==== DATA FOR REVIEW ====

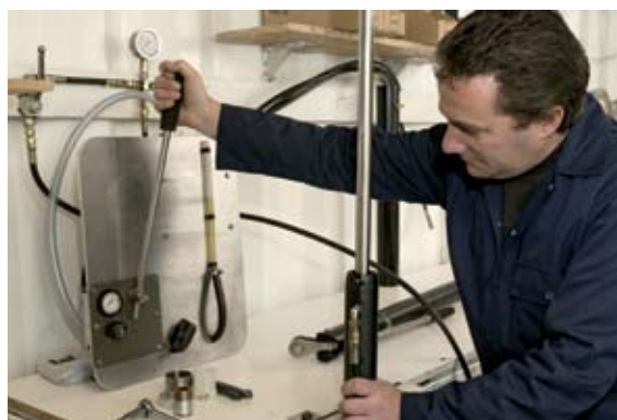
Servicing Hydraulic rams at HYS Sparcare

====
==== DATA FOR REVIEW ====

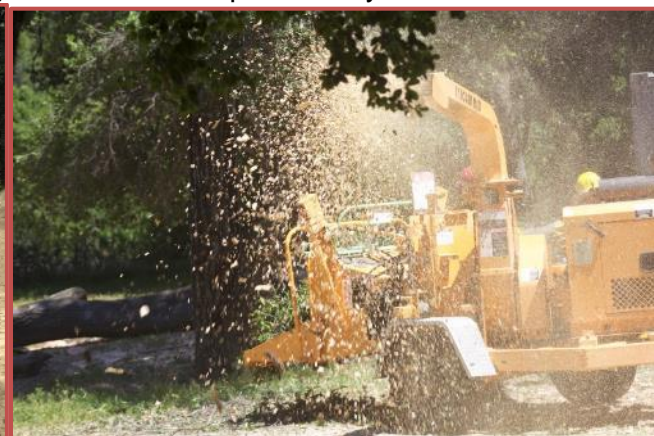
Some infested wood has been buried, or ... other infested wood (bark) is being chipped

====
==== DATA FOR REVIEW ====

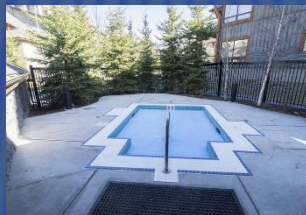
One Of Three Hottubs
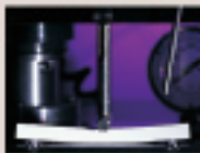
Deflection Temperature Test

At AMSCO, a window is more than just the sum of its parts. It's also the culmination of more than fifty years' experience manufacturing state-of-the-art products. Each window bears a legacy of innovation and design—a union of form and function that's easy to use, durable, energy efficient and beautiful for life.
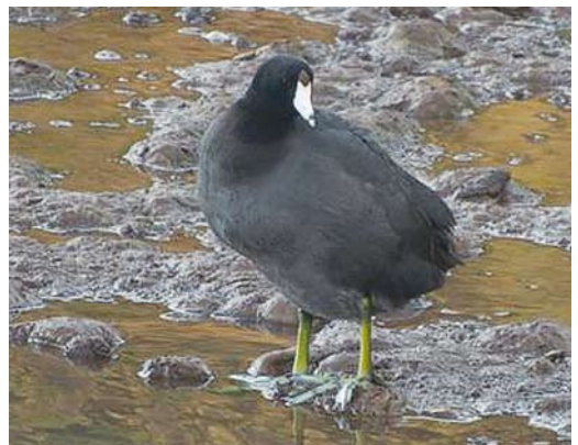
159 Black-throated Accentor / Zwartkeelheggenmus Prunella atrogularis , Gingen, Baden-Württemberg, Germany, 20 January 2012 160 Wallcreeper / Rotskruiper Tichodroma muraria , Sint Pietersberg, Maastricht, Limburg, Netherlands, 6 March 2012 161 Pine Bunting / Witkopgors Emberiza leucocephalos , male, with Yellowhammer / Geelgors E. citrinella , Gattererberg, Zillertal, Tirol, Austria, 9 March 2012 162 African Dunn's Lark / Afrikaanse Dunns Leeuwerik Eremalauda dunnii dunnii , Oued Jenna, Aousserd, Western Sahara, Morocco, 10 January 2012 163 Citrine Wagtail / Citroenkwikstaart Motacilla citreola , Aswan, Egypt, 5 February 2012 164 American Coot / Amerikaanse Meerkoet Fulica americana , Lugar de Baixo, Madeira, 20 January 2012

====

> WHAT THIS TASK INVOLVES:
Here the output must be the lines above from the line with "Deflection Temperature Test" to the line with "At AMSCO, a", both included, duplicated word for word and nothing else.

> YOUR RESPONSE:
Deflection Temperature Test

At AMSCO, a window is more than just the sum of its parts. It's also the culmination of more than fifty years' experience manufacturing state-of-the-art products. Each window bears a legacy of innovation and design—a union of form and function that's easy to use, durable, energy efficient and beautiful for life.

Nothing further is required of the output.